You're looking at how much cash operations bring in.This step is different from what you did in other statements because of non-cash items.You are focused on cash.The money you have to work with right now won't be affected by the things you add back into the net income.Start with non-cash items.The company spreads out the cost of something over time for accounting purposes.It isn't a cost taking away from cash flow right now.You add that expense back in.The same thing happens with depreciation.It's a number that is taken away from the total amount of an asset.The expense is added back in because it's not a cash flow problem.The indirect method of figuring out cash flow is used.Adding up cash flows from scratch is the direct method.
Step 15: Take your cash flow in the rest of your operations.
You need to look at other items that bring in cash.This category includes gains or losses on sales of fixed assets, as this activity brings in cash.If you have sold property within the period, you need to subtract the operating costs from the gain or loss.There are changes in accounts receivable.If accounts receivable goes down, that means the company has gained cash, and that needs to be added in.If the company has bought inventory, that signals a decrease in cash and needs to be subtracted from the cash flow.Taxes, insurance, and salaries can affect the cash flow.
Step 16: Determine the cash flows from investing.
You need to look at how investing has affected your cash flow.Long-term investments include equipment and buildings.The category focuses on where cash has gone in the current year.Money put into new equipment or buildings that will be subtracted from cash flow can be included in this step.Equipment you've sold can be added to the cash flow.Money invested in the stock market, what you've bought and sold, and how that affects your cash are included in this step.

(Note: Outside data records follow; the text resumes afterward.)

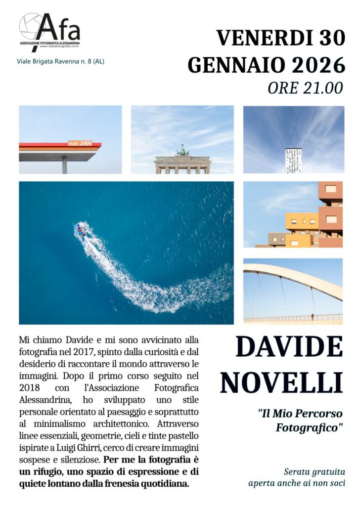DAVIDE NOVELLI vi aspetta venerdì 30 gennaio presso l’Associazione Fotografica Alessandrina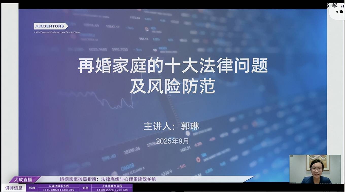 2025年9月12日,大成金融专业委员会婚姻继承与金融创新法律研究中心“大成婚家”系列论坛第三期“婚姻家庭破局指南:法律底线与心理重建双护航”成功举办。本次论坛分别由大成律师事务所合伙人、大成金融专业委员会婚姻继承与金融创新法律研究中心副主任郭琳,大成广州分所合伙人(待备案)、大成金融专业委员会婚姻继承与金融创新法律研究中心副秘书长刘珂,以及婚姻家庭及青少年心理咨询领域资深的心理咨询师白雪,围绕再婚法律风险防范、抚养权争夺的误区及化解、家庭心理问题的产生原因及疏导等婚姻家庭领域的高频需求展开深度解读与实务分享。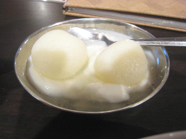 思っていたのだが、これは白いグラブ・ジャムンこと、ラスマライか。冷やしてあり、

Step 17: There is cash available from financing.
Financing is the third category.Money that is used to finance your business is the focus of this section.Cash flow is affected by stock options and shareholders.Loans are added to your cash.The loan payments are taken out of the cash.If you issue bonds or common stock, the issue is recorded as an influx of cash, since dividends reduce your cash.
Step 18: Put your statement of cash flows together.
The first thing to do is to start with the net income at the top.People reading the statement of cash flows can see where expenses are going in and out, so it's best to keep the three categories separate.To reach your net increase or deficiency in cash for the year, subtract and add cash as needed in each category.Add in the cash from last year.If you have any leftover from last year, add it to this year's cash or subtract it.The total cash resources are the amount of cash you have on hand.